The bureau’s plastic cream-and-orange seating, like the chairs of a high school classroom, fill quickly: Soon it’s standing room only, and soon after that attendees spill onto the street. One wall of the room serves as a chalkboard: smudged notes from what looks like an American history lesson — definitions of “scalawag” and “carpetbagger” and a Civil War timeline — are half-erased. The space also houses a tiny library. (I notice an incomplete collection of the journal “Critical Inquiry”).
David Shook, Phoneme’s founding editor, sets up a card table with Phoneme’s books for sale; it publishes poetry in translation. Shook, with a waxed handlebar mustache, is unmistakable; introducing the reading, he stands before us in huaraches and tweed.
Shook opens with a kind of epigraph, a stanza from Langston Hughes’ “Let America Be America Again,” throwing Trump’s “Make America Great Again” slogan some poetic shade. Emadi, who has been in exile from Iran for eight years and now lives in Mexico, gives the reading his own preface.“Resistance is the only thing we have,” he says. “It’s not a question of hope…. Hope sometimes doesn’t work. Our daily life gets to have meaning from our resistance.”

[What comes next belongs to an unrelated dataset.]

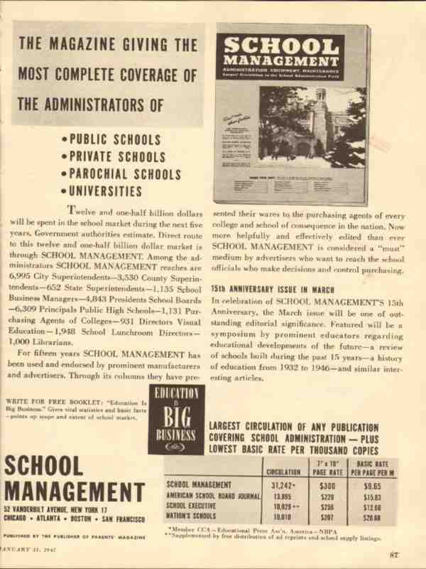 Original vintage media trade magazine ad for SCHOOL MANAGEMENT Magazine of New York City, NY. The Magazine giving the most complete coverage of the administrators of public, private, parochial schools and universities. Old 1947 magazine advertising and broadcasting industry advertisement, would display beautifully matted and framed.

Emadi reads each poem in Persian, after which Shook reads the English translation. As a listener, you discover quickly that longing and nostalgia sound the same in any language, but far from being repetitive, this two-part structure seems an ideal way to experience a poetry reading: The first performance gives the audience an opportunity to listen for the pleasure of the language alone, for the texture and musicality, while only on a second pass does metaphor and meaning begin to consciously sink in.
The Persian speakers in the audience, of course, understand both readers, but can listen on the second round for the closeness and nuance of the translation.
While Shook reads the translation, Emadi silently looks out over the audience, inviting us, it seems, to look back at him. “So look into my eyes / as you pack your bags / and say your goodbyes,” reads Shook, and beside him Emadi stares straight ahead.
Sanam Mahloudji attended the reading as “a way to engage with what’s going on in the world.” A writer, lawyer and speaker of Farsi, she participated in the first immigration ban protest at LAX and was inspired to volunteer her services when she saw another “lawyer standing there, prepared, the embodiment of what we believe in.” Stephen Weiss, who was visiting from New York, had protested Donald Trump’s executive order on immigration there. He noted that “the present moment feels urgent…It’s an emergency.”
After the reading, Shook invited the audience to have their books signed — and to give Emadi a goodbye hug. Emadi laughed, but most people took him up on it. Mahloudji, who was visibly moved by the reading, bestowed an emotional embrace. Emadi stepped outside to talk shop with readers and pack a tobacco pipe. What makes a good translation? “You have to be humble before the poem,” he said. “Poetry is another language.”
Emadi leaves Friday for work on a digital poetry project in Finland, after which he will return to Mexico. “In Mexico there is nobody to speak Persian to,” he said, and that both the Iranian and literary communities in Los Angeles have been a solace to him. “I have to live my exile as my home,” he said, and added that while “Trump’s order is legitimate...it’s not just. It’s humiliating to America. I don’t want America to feel that shame.”
In January, he visited his brother, a professor at the University of North Carolina, who recently had his first child, Emadi’s niece. “Finally I could embrace her,” he said. There’s no telling when next he’ll be permitted into the country to see her again. Earlier Shook, on Emadi’s behalf, read these lines: “waiting is the dense endurance of eternity / and love, the miracle of mortals / makes eternity ashamed.”